In senso contrario, invece, l’ordinanza di sospensione dei lavori, disposta dal Settore urbanistica del comune di Vasto e presente in atti, dà conto che le opere eseguite in difformità del permesso di costruire, colà analiticamente indicate, avevano comportato un aumento di superficie e la modifica dei prospetti, in assenza di idoneo titolo abilitativo nonostante la previsione normativa di cui all’art. 10 d.P.R. 6 giugno 2001, n. 380.
Ciò posto, e tenuto conto della presente sede cautelare, va ricordato che in tema di reato di esecuzione di lavori edilizi in difformità dal permesso di costruire, per individuare la natura e la sussistenza di detta difformità non è necessario attendere il completamento dell’opera ove, da quanto già realizzato, si possa desumere − come in specie, stante la richiamata documentazione − che il manufatto, una volta ultimato, assumerebbe caratteristiche diverse da quelle progettate (cfr. Sez. 3, n. 13592 del 30/01/2008, Dinolfo, Rv. 239837). Né può essere escluso il pericolo che la libera disponibilità dell’immobile abusivamente realizzato possa aggravare o protrarre le conseguenze dell’illecito ovvero agevolarne la commissione di altri (cfr. Sez. 3, n. 39731 del 28/09/2011, Rainone e altro, Rv. 251304).
4.3. I ricorrenti in realtà non hanno preso adeguata posizione su tali profili dell’ordinanza, e comunque su detti aspetti della contestazione finora formulata nei loro confronti.
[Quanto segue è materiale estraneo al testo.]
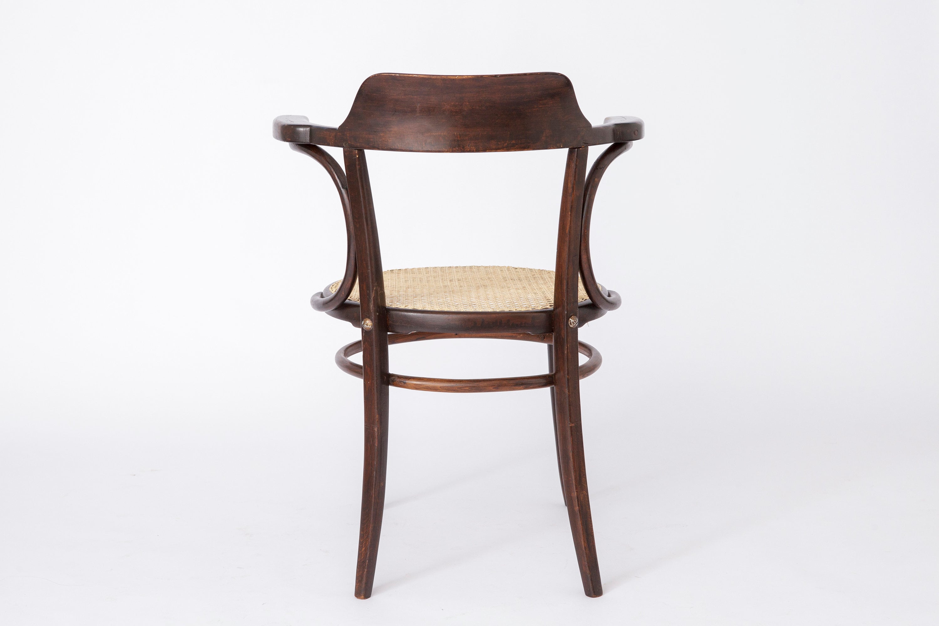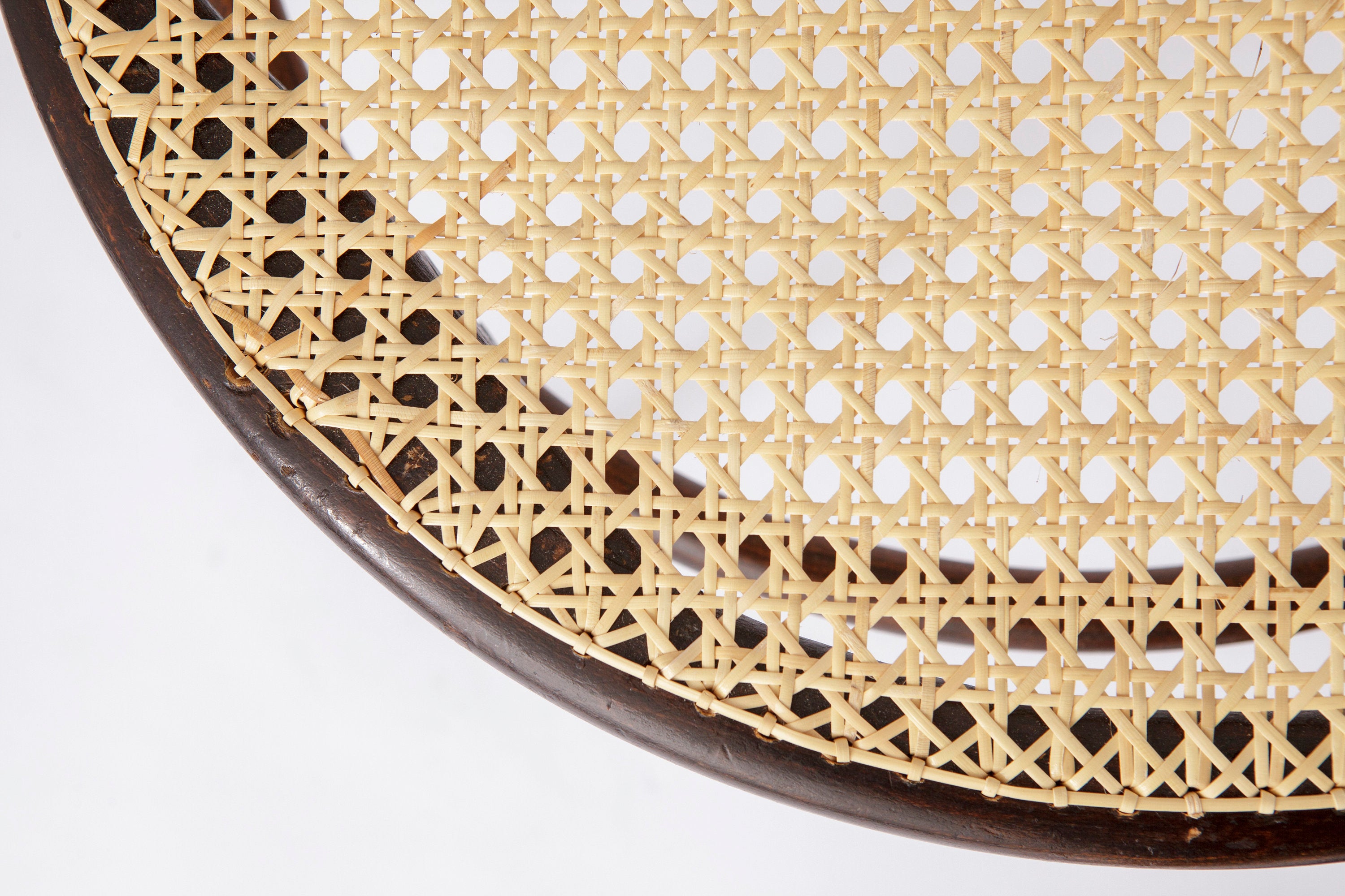 Formsproget kombinerer det lette udtryk fra bøjettræ med det luftige flet, hvilket gør stolen velegnet både som skrivebordsstol, spisestol eller som dekorativ accent i moderne indretninger. Et bæredygtigt vintagevalg med tydelig historisk referenceramme.
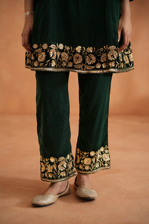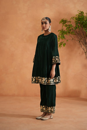 Emerald Green Velvet Embroidered Tunic And Pants
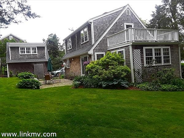 Charming Cape set on beautiful low maintenance landscaped grounds with patio and stone walls. Bright open living space with kitchen, dining, living room with sliders to stone patio, den/ office, bedroom and bath on first floor. Master bedroom with deck and seasonal water views, second bedroom and bath on second floor. Bonus unfinished loft over garage. Easy walk to Vineyard Haven Main Street, stores, ferry and Veteran's Park.
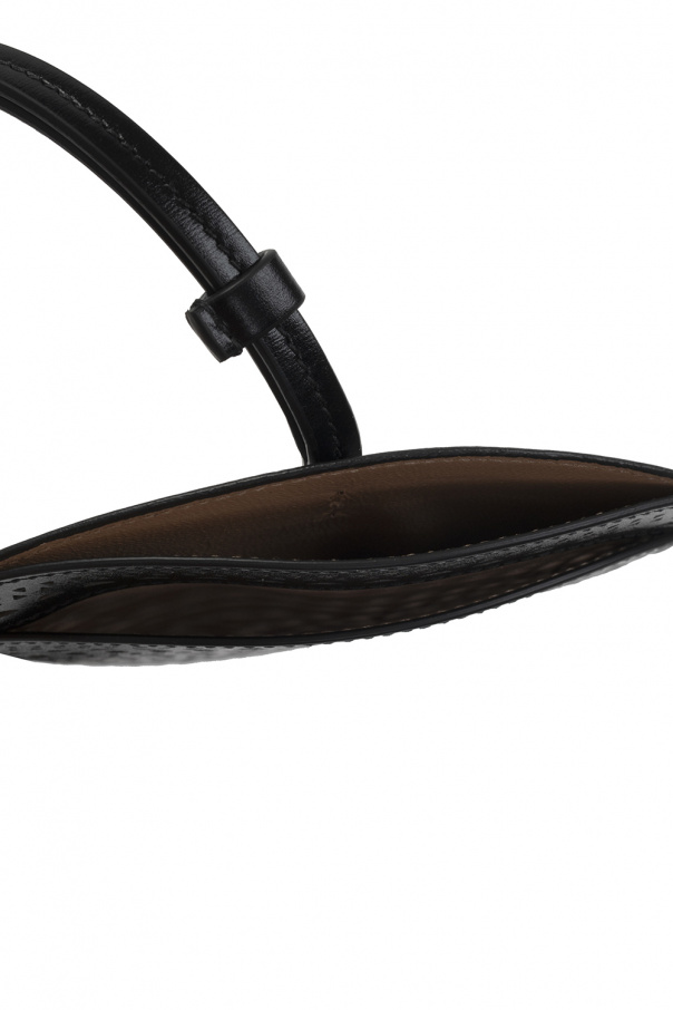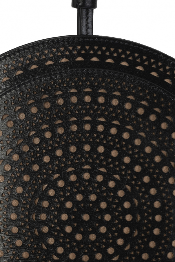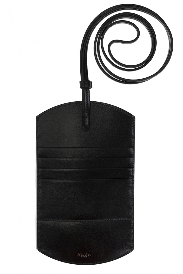 Black and beige phone holder from Alaia. Crafted from leather accentuated with a laser-cut ‘Micro Vienne’ motif, this design features a slip pocket, four card slots accompanied by a silver-tone logo on the back, a neck strap and one internal compartment.
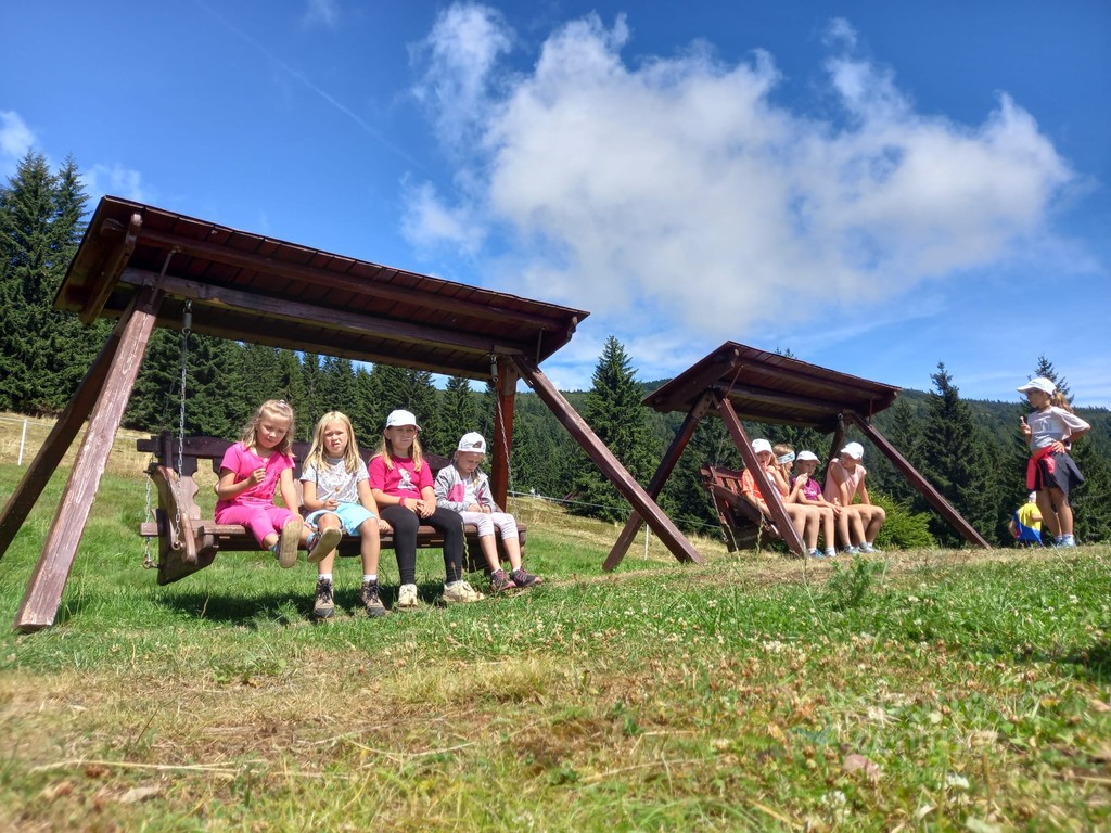 Týdenní program obsahuje plavecký výcvik, sportovní hry, výlet, soutěže a další pohybové aktivity
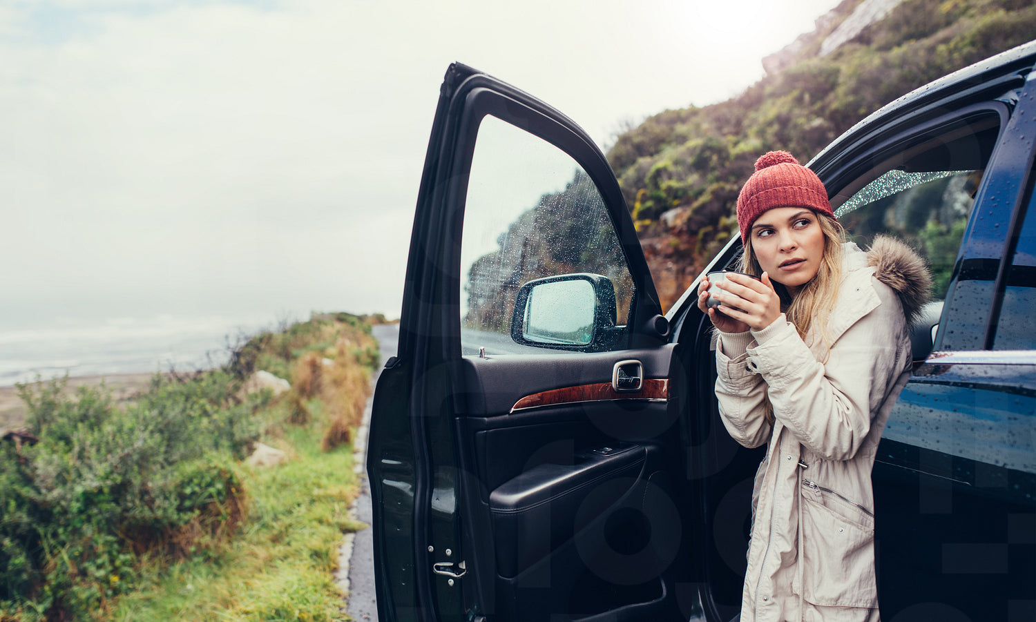 Beautiful young woman standing out her car with cup of coffee and looking away. Female drinking coffee after road trip travel.
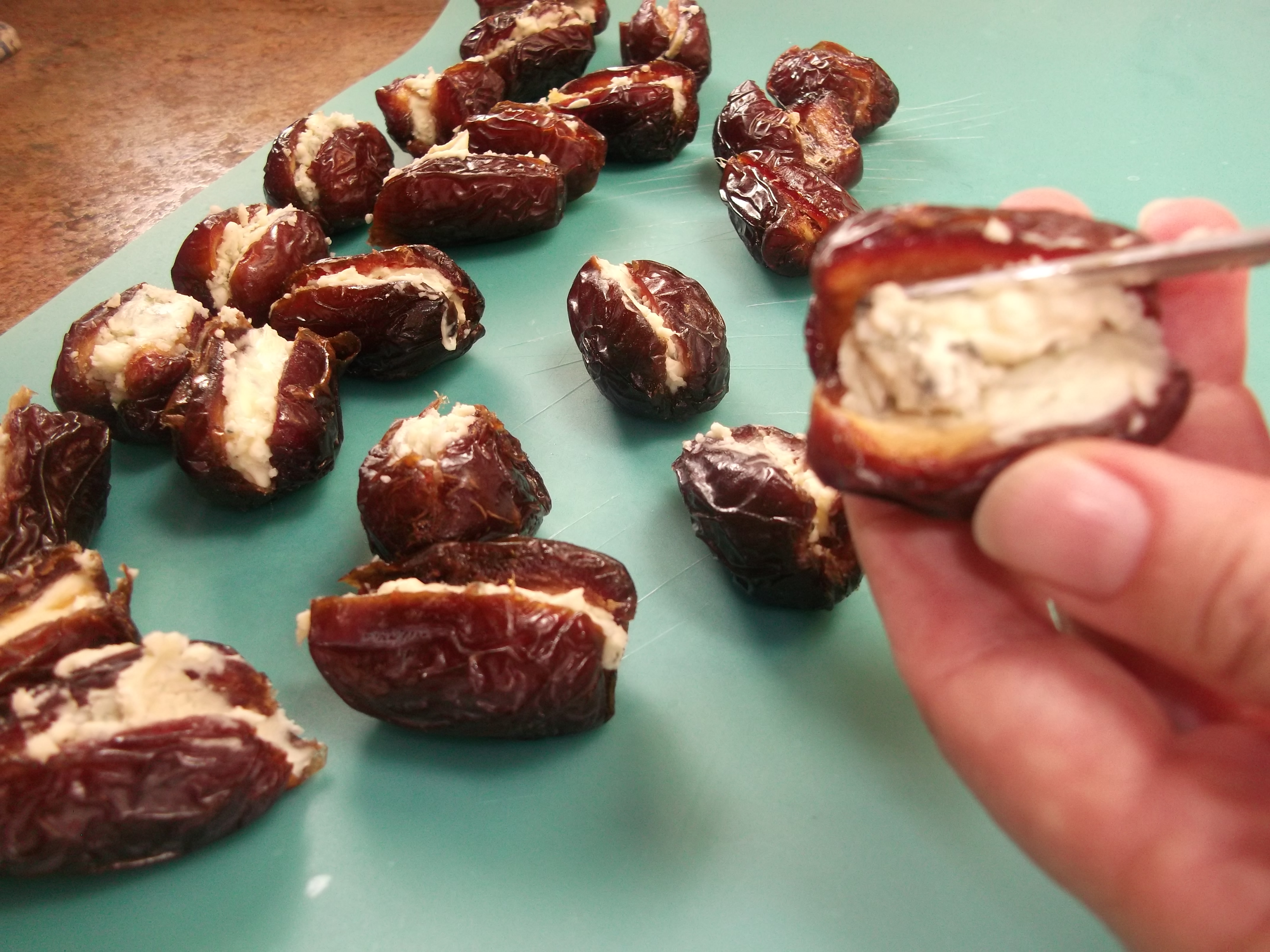 Fill the cavity of each date with bleu cheese. Really pack it in there. Yum.
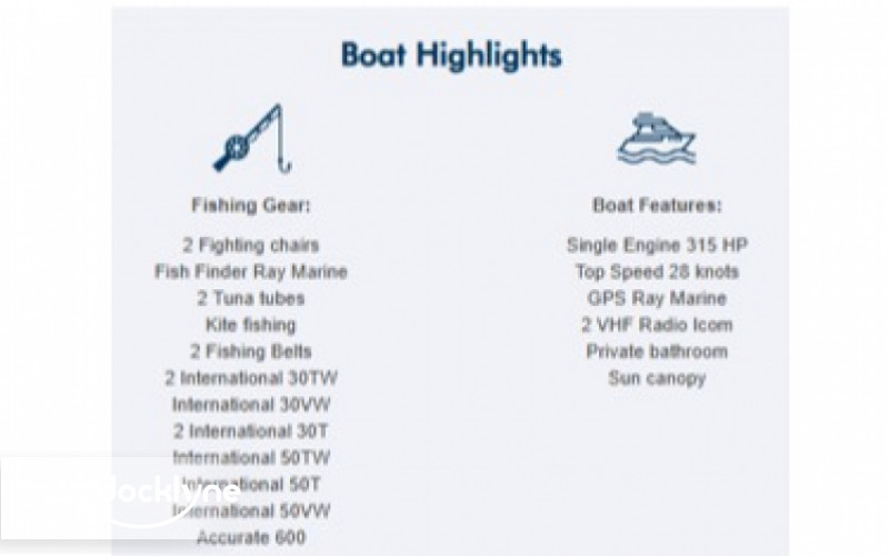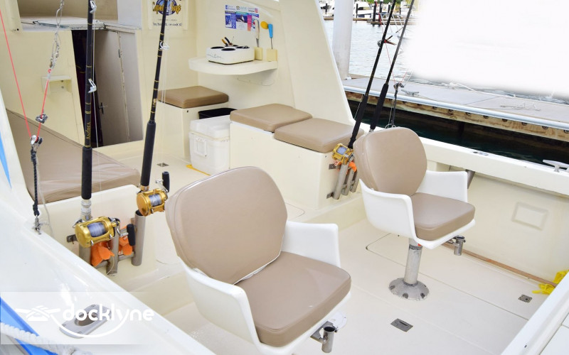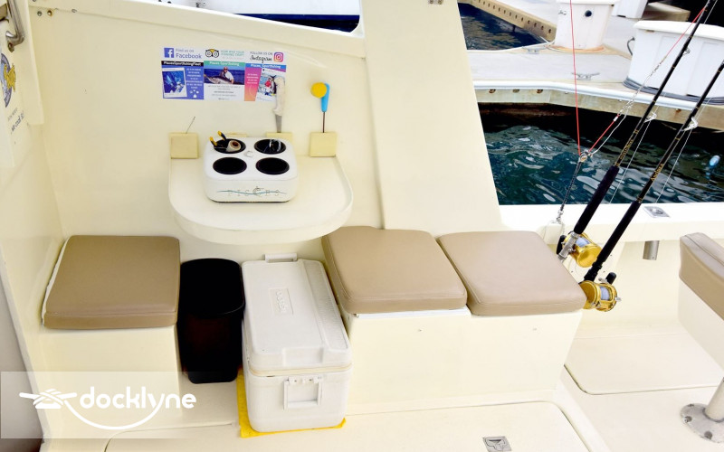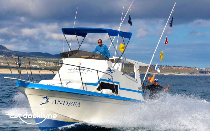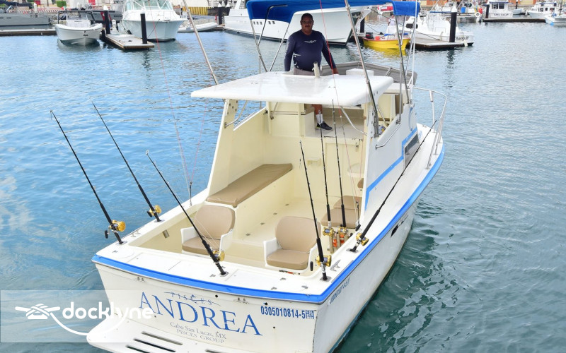 The Andrea had a full refit in 2018, including the addition of a New Cummins 315 Turbo engine, with a top speed of 28 knots. Onboard there is 2 fighting chairs, shade, cabin, clean & private bathroom, places to sit or lie down both inside and outside the cabin, live bait well, ship to shore radio, Tuna Tubes during Tournaments and GPS.
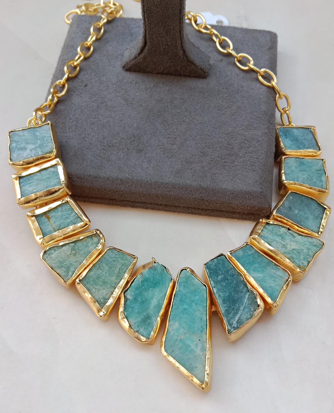 Gold plated fusion necklace with natural stones
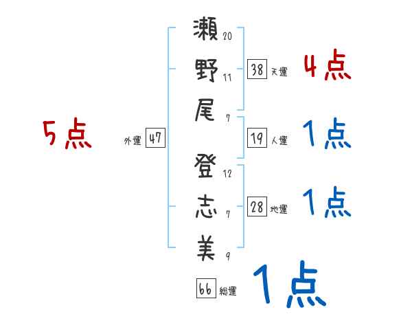 瀬野尾登志美さんの画数の鑑定結果
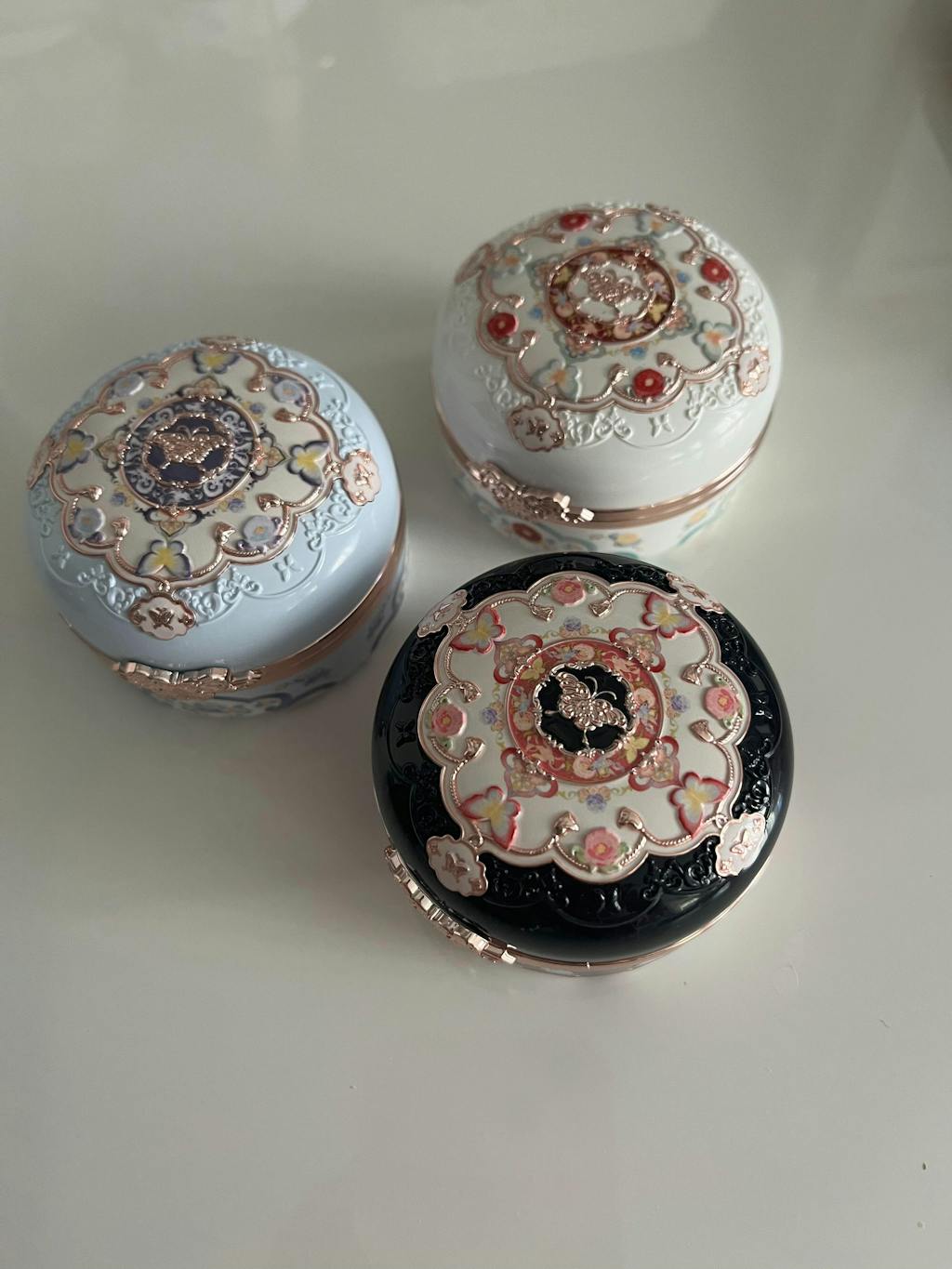 This compact is adorned with fluttering butterflies, delicate floral detailing, and Ruyi-style designs. Gold accents add a touch of luxury to its sleek, portable form.

In ogni caso, quindi, anche a prescindere dalle questioni legate alla pretesa illegittimità dei provvedimenti concessori “a monte”, in ragione del mancato rispetto delle norme in tema di asservimento dei fondi agricoli, non risulta adeguatamente e specificamente contestata l’ulteriore ratio decidendi posta alla base del provvedimento impugnato.
5. Non può quindi che essere dichiarata l’inammissibilità dei proposti ricorsi (cfr. ad es. Sez. 3, n. 30021 del 14/07/2011, F., Rv. 250972).
Tenuto infine conto della sentenza 13 giugno 2000, n. 186, della Corte costituzionale e rilevato che, nella fattispecie, non sussistono elementi per ritenere che «la parte abbia proposto il ricorso senza versare in colpa nella determinazione della causa di inammissibilità», alla declaratoria dell’inammissibilità medesima consegue, a norma dell’art. 616 cod. proc. pen. ed a carico di ciascun ricorrente, l’onere delle spese del procedimento nonché quello del versamento della somma, in favore della Cassa delle ammende, equitativamente fissata in € 2.000,00.
P.Q.M.
Dichiara inammissibili i ricorsi e condanna ciascun ricorrente al pagamento delle spese processuali e della somma di € 2.000,00 in favore della Cassa delle Ammende.